Préavis de retraite ou préavis de démission : durée et obligations

En cas de départ volontaire à la retraite, un préavis s’applique. Sa durée dépend de la convention collective, des usages de l’entreprise ou, à défaut, des règles légales applicables au licenciement. Le préavis de départ à la retraite n’est pas réduit du fait que le salarié part en retraite.

En cas de démission, le préavis suit les règles habituelles prévues par le contrat ou la convention collective. La durée est souvent la même, mais les conséquences d’un non-respect diffèrent.

La rupture conventionnelle constitue une alternative aux deux. Elle ne comporte pas de préavis au sens classique : les parties fixent ensemble une date de fin de contrat. Pour un salarié proche de la retraite qui souhaite négocier son départ, cette option offre plus de souplesse sur le calendrier.

  • Départ volontaire à la retraite : préavis obligatoire, indemnité spécifique, initiative du salarié.
  • Démission : préavis obligatoire, aucune indemnité légale de rupture, pas de droit au chômage sauf cas particuliers.
  • Rupture conventionnelle : date de fin négociée, indemnité au moins égale à l’indemnité légale de licenciement, droit au chômage sous conditions.

Retraite progressive : l’option entre les deux

La retraite progressive permet de percevoir une fraction de sa pension tout en continuant à travailler à temps partiel. Depuis le 1er septembre 2025, ce dispositif est accessible dès 60 ans pour les assurés remplissant les conditions requises.

Ce mécanisme change la logique binaire du choix entre rester en poste et partir. La retraite progressive évite de choisir entre tout ou rien. Le salarié réduit son temps de travail, touche une partie de sa retraite et continue à accumuler des trimestres.

Pour un salarié qui envisage de démissionner parce qu’il ne supporte plus le rythme à temps plein, la retraite progressive représente une alternative concrète. Le revenu global (salaire partiel plus fraction de pension) peut rester proche du salaire antérieur, selon le taux de réduction du temps de travail.

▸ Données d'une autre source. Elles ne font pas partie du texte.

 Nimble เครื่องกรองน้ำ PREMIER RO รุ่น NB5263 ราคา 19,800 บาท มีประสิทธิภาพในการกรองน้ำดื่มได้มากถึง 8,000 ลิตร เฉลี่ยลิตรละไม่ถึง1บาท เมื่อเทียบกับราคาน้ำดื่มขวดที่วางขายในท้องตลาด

Démissionner avant d’avoir atteint l’âge de la retraite expose à deux risques. Le premier concerne l’assurance chômage : une démission classique n’ouvre pas droit au chômage, sauf dans des cas reconnus comme légitimes par France Travail.

Le second risque porte sur les trimestres. Chaque trimestre non cotisé réduit le montant de la pension future. Un salarié qui démissionne à quelques trimestres du taux plein accepte une décote permanente sur sa retraite.

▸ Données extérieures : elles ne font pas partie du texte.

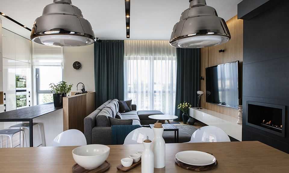 Необходимо позаботиться о качественном искусственном освещении пространства. В зоне кухни можно установить точечные потолочные светильники и дополнительно осветить рабочую столешницу. А над зоной для отдыха и принятия гостей подключить красивую люстру или подобрать напольный светильник. В таком случае появится возможность также визуально разделить пространство светом, включив свет лишь в одной функциональной зоне.
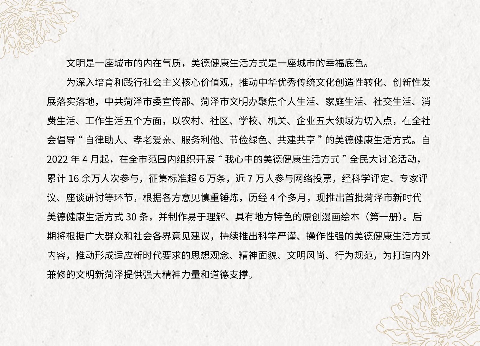 菏澤市首批新時代美德健康生活方式30條

  • Vérifier le nombre de trimestres validés sur son relevé de carrière avant toute décision.
  • Simuler le montant de la pension avec et sans les trimestres restants via le site de l’Assurance retraite.
  • Examiner si la convention collective prévoit des dispositions spécifiques pour les fins de carrière.

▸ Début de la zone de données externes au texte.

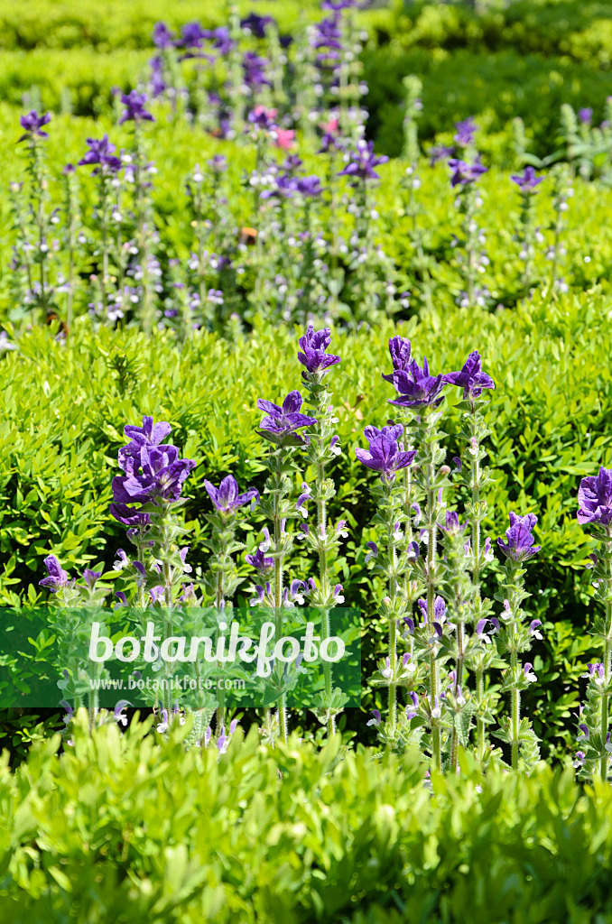 Columbines (Aquilegia) and boxwoods (Buxus) in a perennial garden

Le choix entre démission et départ à la retraite ne se réduit pas à une question de timing. Le régime juridique, les indemnités, le droit au chômage et l’impact sur la pension divergent à chaque étape. Un salarié proche de l’âge légal a presque toujours intérêt à privilégier le départ volontaire à la retraite, la rupture conventionnelle ou la retraite progressive plutôt qu’une démission sèche, qui reste le scénario le moins protecteur financièrement.